O jornal é responsável por tudo aquilo que publica. Há uma responsabilidade sucessiva em relação ao que é veiculado na imprensa: para sair das mãos do repórter e chegar à manchete do jornal, uma matéria passa antes pelo crivo do editor e, em seguida, da Chefia de Redação. É o editor e, em última análise, o próprio jornal quem responde pelas conseqüências do que é publicado. A editora de Política do O Povo , Débora Cronemberger, reconheceu à Chefia de Redação e ao Ombudsman que errou ao confiar integralmente no repórter ? que por sua vez havia garantido, até o último momento, estar de posse de toda a documentação para referendar a matéria. Mesmo quando os erros começaram a aparecer, o repórter continuou sustentando que possuía tais documentos, que simplesmente não existiam. Infelizmente, isso não é tudo: na terça-feira, quando ainda estava sendo procurado pela Redação para dar suas explicações sobre o caso, Lauriberto teria ido ao jornal no início da manhã e, sem falar com ninguém, falsificado a assinatura da editora. Forjou uma autorização e saiu no carro de reportagem para fazer um trabalho de interesse particular.
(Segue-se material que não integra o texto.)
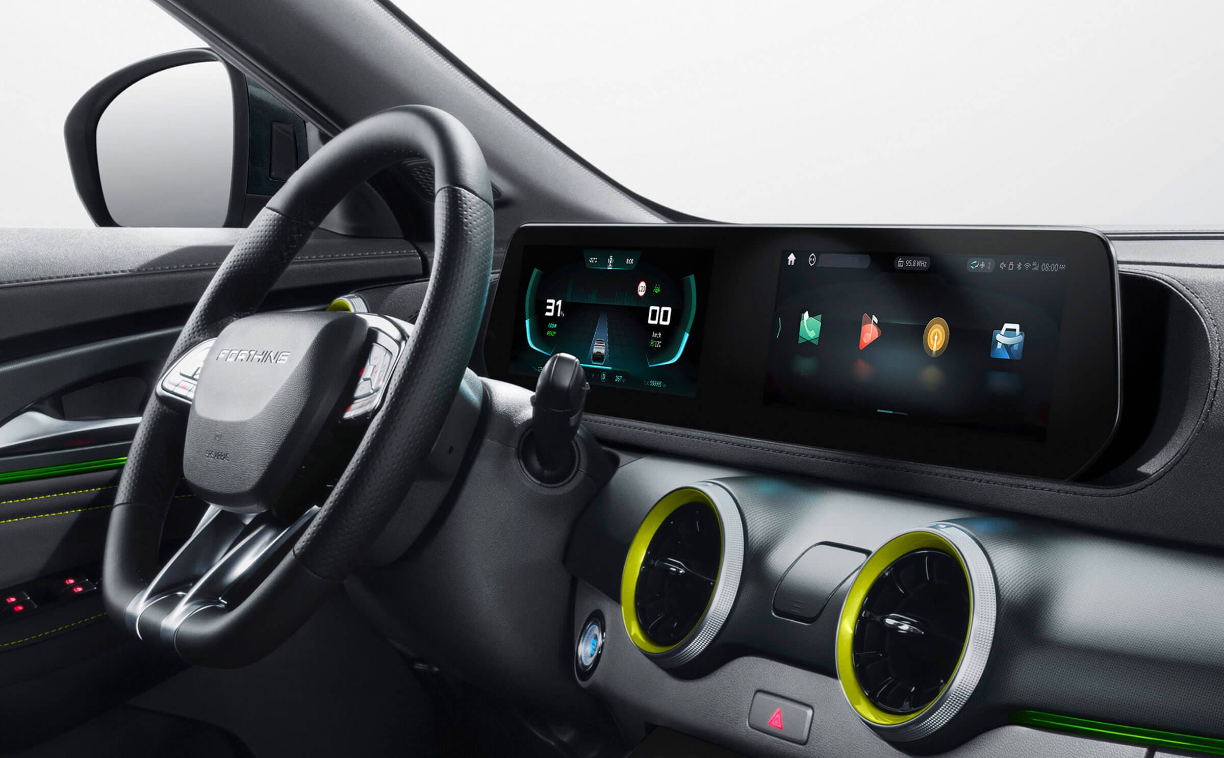 Целосно електричниот Friday се одликува со елегантен, но спортски ентериер со врвни материјали, дигитална контролна табла и амбиентално осветлување.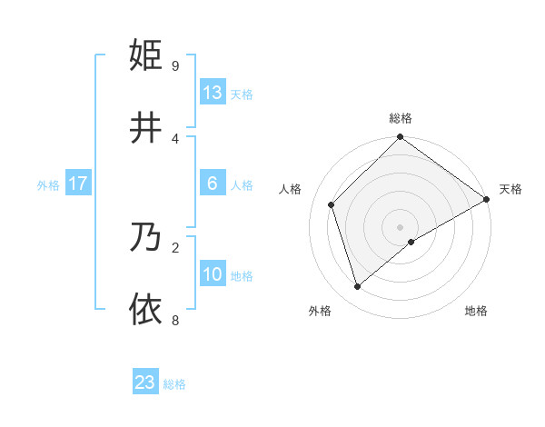 姫井 乃依さんを姓名の画数から五運を鑑定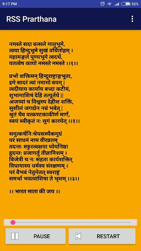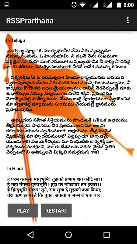 RSS Prarthanaは、swayamsvaksが目標を達成するための主な起源と強みです。これは、テルグ語、ヒンディー語、英語、マラヤーラム語、カンナダ語、バングラ語、タミル語、グジャラート語、グルウキ語、ベンガル語、オリヤー語の祈りのテキストを見て、RSS祈りを練習するために使用できるアプリです。サンスクリット語で書かれた3つのシュローカが含まれています。最初のシュローカはラシュトリヤの意味を伝え、2番目のシュローカはスワヤムセヴァクの意味を伝え、3番目のシュローカはその意味を伝えます。 サンの。このアプリは、最近RSS swayamsevaksに参加して、サンガプラタナとそのマニングを学ぶために使用できます。

Na quinta-feira, pelo telefone, Lauriberto confessou que havia falsificado a assinatura de Débora Cronemberger, embora horas antes houvesse desmentido ao Ombudsman tal acusação. A Comissão de Ética do Sindicato dos Jornalistas terá nas mãos um caso muito mais grave do que o de uma simples negligência profissional  ou de uma imprecisão jornalística.

Procedimentos mais rigorosos

As incorreções contidas na matéria publicada pelo O Povo no domingo devem nos servir como advertência. O caso, é claro, reforça os cuidados que nós jornalistas devemos tomar durante a apuração de matérias: checar minuciosamente as informações, guardar anotações, anotar horários das ligações telefônicas realizadas, gravar e conservar as gravações de toda e qualquer entrevista que dê margens para discussões e polêmicas posteriores.

Mas, principalmente, o caso revelou a necessidade de a Chefia de Redação do O Povo exigir de si mesma critérios e procedimentos mais amplos ? e bem mais rigorosos ? para a checagem prévia das informações que o jornal publica diariamente. Afinal, através de uma manchete recheada de incorreções e impropriedades, abrimos o flanco e nos expusemos perigosamente.

O pedido público de desculpas, feito pelo O Povo na edição de quinta-feira, deve ser portanto apenas a ponta de um processo, que envolveria a revisão do próprio fluxo de trabalho e do acompanhamento sistemático das pautas na Redação. Mais do que nunca, os leitores precisam estar absolutamente seguros de que a imprensa possui filtros e mecanismos internos capazes de distinguir, previamente, o bom do mau jornalismo.